A performance by Leanne Betasamosake Simpson

November 6, 2016 at 6:00pm

Join us for a performance by Leanne Simpson and her band, as she debuts her new album, f(l)ight.

f(l)ight is a new album of story-songs from acclaimed Michi Saagiig Nishnaabeg artist Leanne Betasamosake Simpson. Effortlessly interweaving Simpson’s complex poetics and multi-layered stories of the land, spirit, and body with lush acoustic and electronic arrangements, f(l)ight claims a unique space in contemporary Indigenous music and performance.

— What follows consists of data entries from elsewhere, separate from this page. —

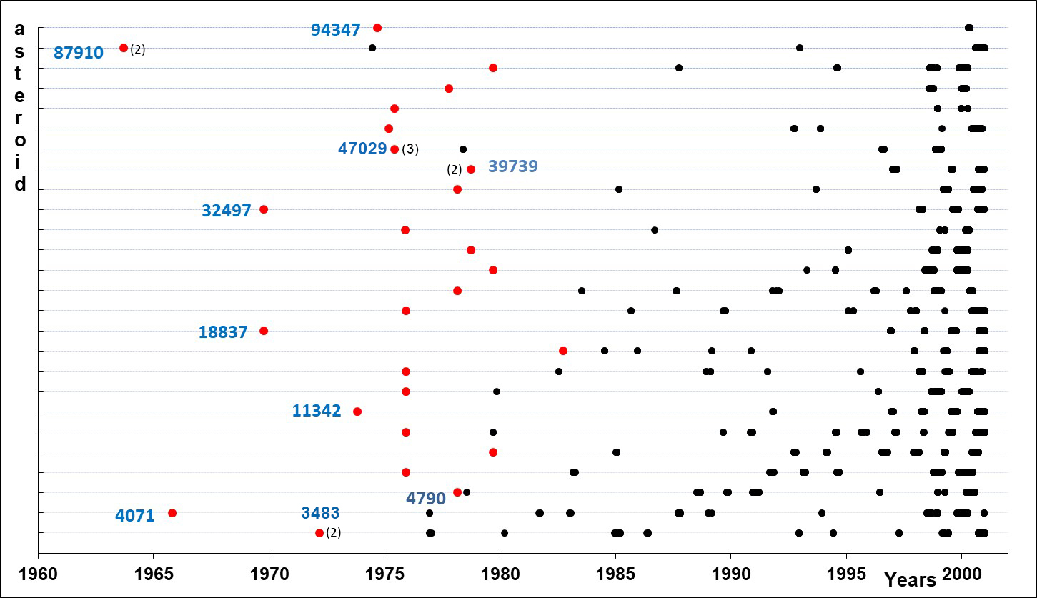 In the figure: the processed 31 asteroid positions for 26 asteroids in chronological order of observations until 2000 in comparison with the world data of these objects from MPC (red points - our processed positions, black points - MPC-positions). The number of positions obtained for individual asteroids is given in brackets if there is more than one.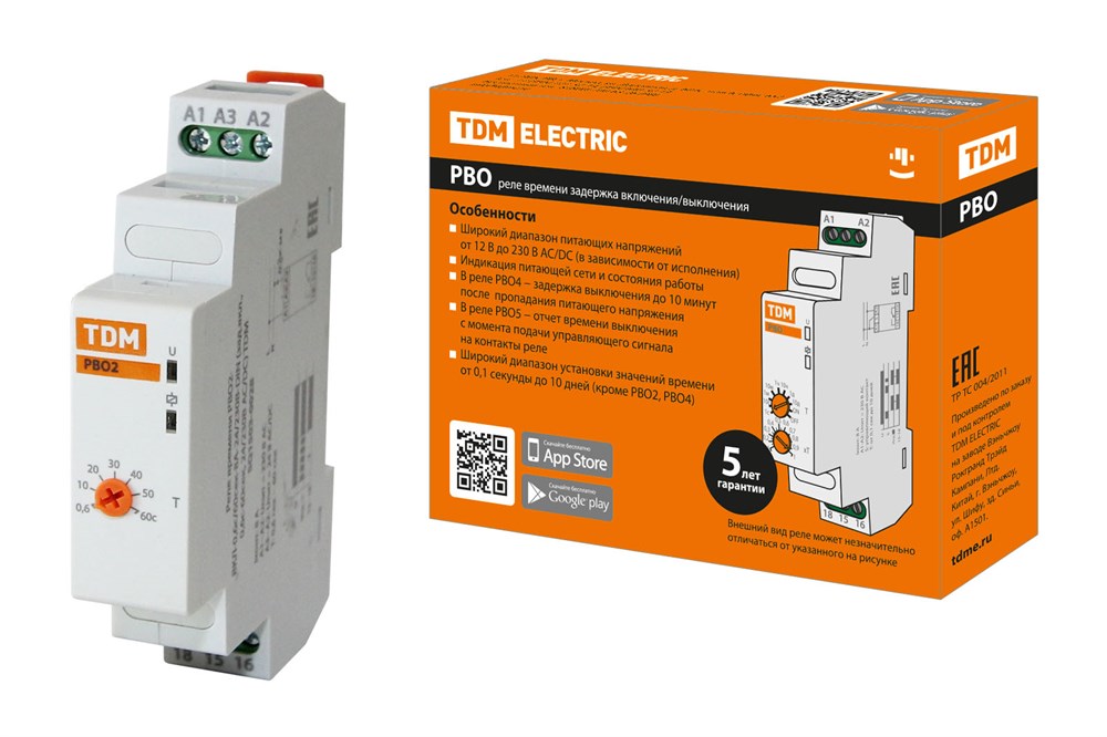 TDM Реле времени РВО2-ВКЛ-0,6с/60сек-8А-24/230В-DIN (зад.вкл., 0,6с-60сек, 24/230В AC/DC) SQ1503-0028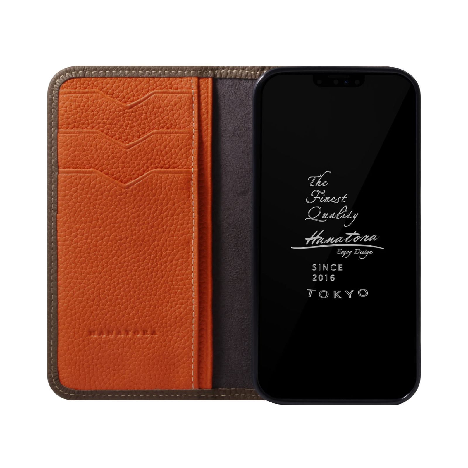 [HANATORA] iPhone13 mini ケース バイカラー 手帳型 本革 シュリンクカーフレザー スマホケース 耐衝撃 磁石不使用 マグネットなし ハンドメイド トープ オレンジ PH-13Mini-Taupe-OG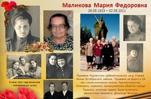 Маликова Мария Федоровна (26.09.1923 – 02.08.2011) - Призвана на фронт в 18 лет, после окончания школы, Нурлатским райвоенкоматом из д. Старые Челны Октябрьского района. Прожектористка, освещали, охраняли промышленные объекты города Горького, основная задача была ослеплять фашистские самолеты. Дошла до Таллина.
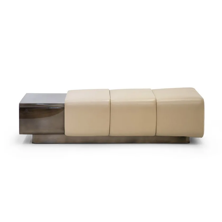 Abbracciando un'estetica moderna, il pouf CIGAR presenta un'unica combinazione di elementi di design contemporaneo. Le sue linee pulite e la forma minimalista lo rendono adatto a una gamma di interni, da appartamenti urbani a case eleganti. La combinazione di pelle e metallo crea un contrasto visivo sorprendente che mette in evidenza la sofisticazione del design moderno pur garantendo un fascino senza tempo.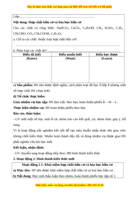 ể tra bài cũ: Không ki m ể tra bài cũ đ u ầ gi , ờ ki m ể tra ki n t ế h c ứ cũ l ng ồ vào trong ti t ế h c. ọ 1. Hoạt đ ng 1 ộ : Kh i ở đ ng ộ a) M c t ụ iêu: Huy đ ng ộ các ki n t ế h c đã ứ đư c h ợ c ọ c a H ủ S về h p ợ ch t ấ h u ữ c và ơ hóa h c ọ h u c ữ ơ ở l p ớ 9, t o nhu c ạ ầu ti p t ế c t ụ ìm hi u ki ể n t ế h c ứ m i ớ . Rèn năng l c ự h p t ợ ác và năng l c ự s d ử ng ngôn ng ụ : ữ Di n đ ễ t ạ , trình bày ý ki n, nh ế n đ ậ nh ị c a ủ b n t ả hân. b) N i ộ dung: Sử d ng ụ kĩ thu t ậ KWL cho HS đi n ề vào m c ụ “Đi u ề đã bi t ế , đi u ề mu n ố bi t ế ” theo phi u s ế au: PHIẾU KWL Họ và tên h c s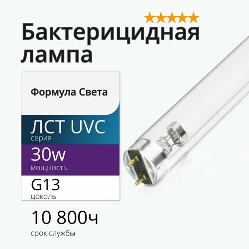 Лампа ультрафиолетовая Формула света 30Вт T8 G13 , без озона, бактерицидная для рециркулятора дезинфицирующая, сменная УФ лампа для дезинфекции и обеззараживания воздуха
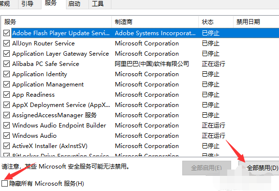 3、服务和启动两个菜单里面,都是全部禁用。
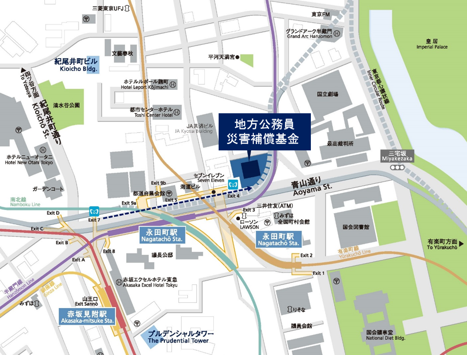地下鉄有楽町線・半蔵門線・南北線「永田町駅」4番出口徒歩約1分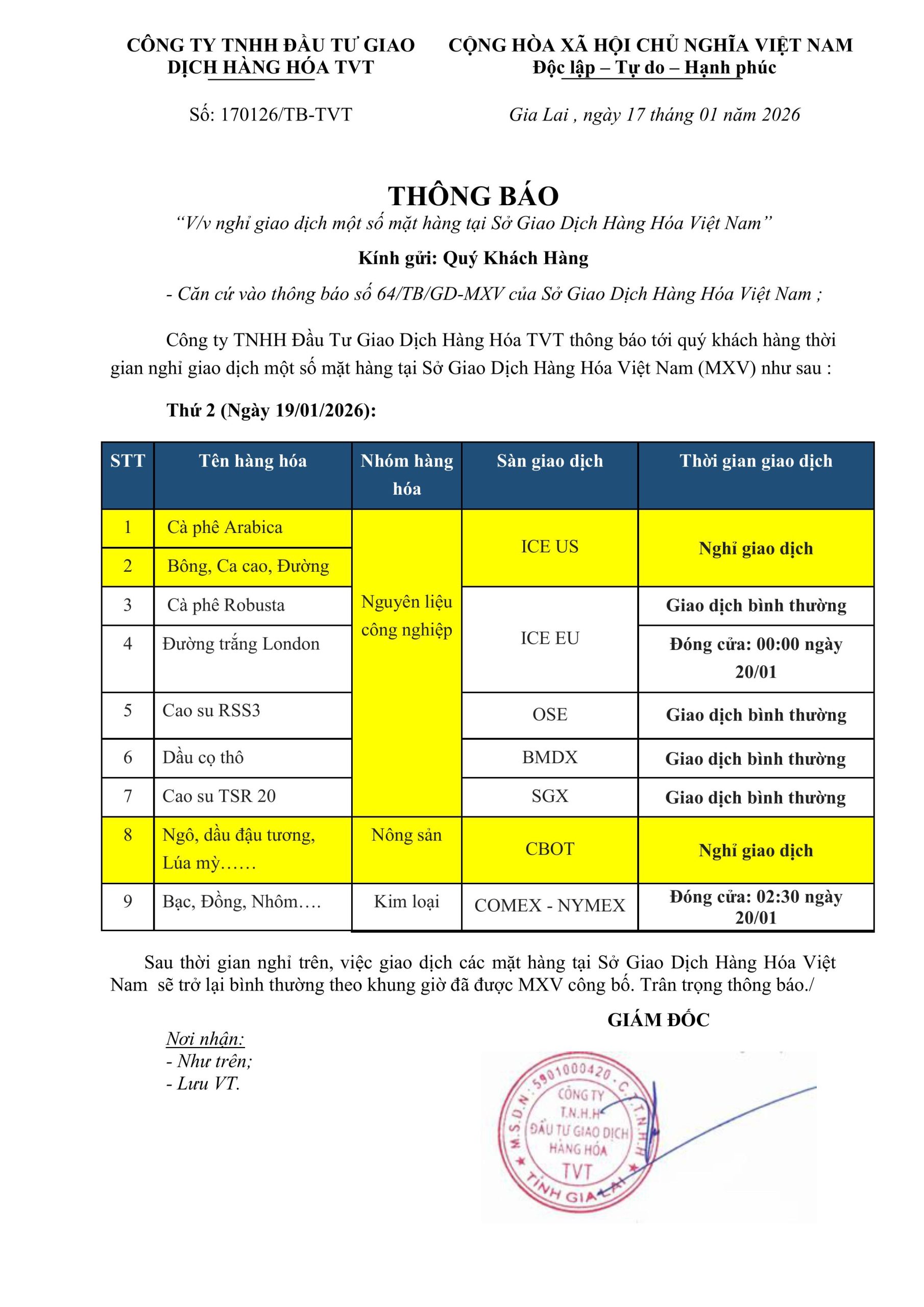 Thông báo nghỉ giao dịch một số mặt hàng ngày 19/01/2026 Kính gửi : Quý Khách Hàng Đầu tư TVT kính gửi quý khách hàng thông báo lịch nghỉ giao dịch một số mặt hàng Thứ 2 ngày 19/01/2026. Trân trọng! TVT-favicon Đầu tư TVT Thứ Bảy, 17/01/2026 Zalo icon share Copy link Kính gửi : Quý Khách Hàng Đầu tư TVT kính gửi quý khách hàng thông báo lịch nghỉ giao dịch một số mặt hàng Thứ 2 ngày 19/01/2026. Trân trọng!

The album is a haunting, powerful hybrid of words, songs, and perspectives. From the gentle invocation of other forms of life offered in songs like “Road Salt” and “The Oldest Tree in the World”, to the dissonant sonics of “Caribou Ghosts and Untold Stories” and the pulsing, hypnotic rhythms of “Under Your Always Light”, Simpson’s words reverberate within and between the sounds that surround them.

John K. Samson of The Weakerthans calls f(l)ight “wondrous, unflinching”—an album of “thoughtfully built and beautiful songs that will challenge, comfort, inspire and abide”.

Each track traces echoes of Indigenous appearance and disappearance, confrontation and forgiveness, radical anticolonial fury entwined with deeply-felt love. f(l)ight is the sound of ancestral memory and present possibility unfolding toward a horizon of freedom—a transformative and expansive record of indigeneity being claimed and reclaimed against more than five hundred years of attempted extermination.

For Simpson, the making of f(l)ight was both a deeply personal and highly collaborative process of collective creation. She enlisted the talents of award-winning Indigenous and non-Indigenous musicians including Jonas Bonnetta (Evening Hymns), James Bunton (Ohbijou, Light Fires, Forest City Lovers), Juno-nominated Cree/Metis cellist Cris Derksen, Nick Ferrio (The Burning Hell), Anishinaabe/Cree singer-songwriter Tara Williamson, and Anishinaabe singer-songwriter Ansley Simpson to write, co-create, record, and produce the album over an intensive two-week recording session, that included field recordings of Anishinaabe land-based practices like a sugar bush, wild rice, and the Crowe River.

“For me this is a record of tiny stories of light, of fight, and of Indigenous freedom,” says Simpson. “I like to fall into the intimate moments of Indigenous life and amplify the richness, the warmth and the intelligence of our communities and the worlds we live in. I want my people to come out of this album feeling better than they went in.”

f(l)ight takes Simpson’s previous album, Islands of Decolonial Love, and both expands and deconstructs it. Where Islands focused on her characters’ desire to live loving and observant lives within a landscape of constant struggle, f(l)ight takes up this call by departing elsewhere. Here, space becomes the sound of song. This album finds Simpson in powerful command of her voice, relearning an inner language, releasing a strength, that has always been known.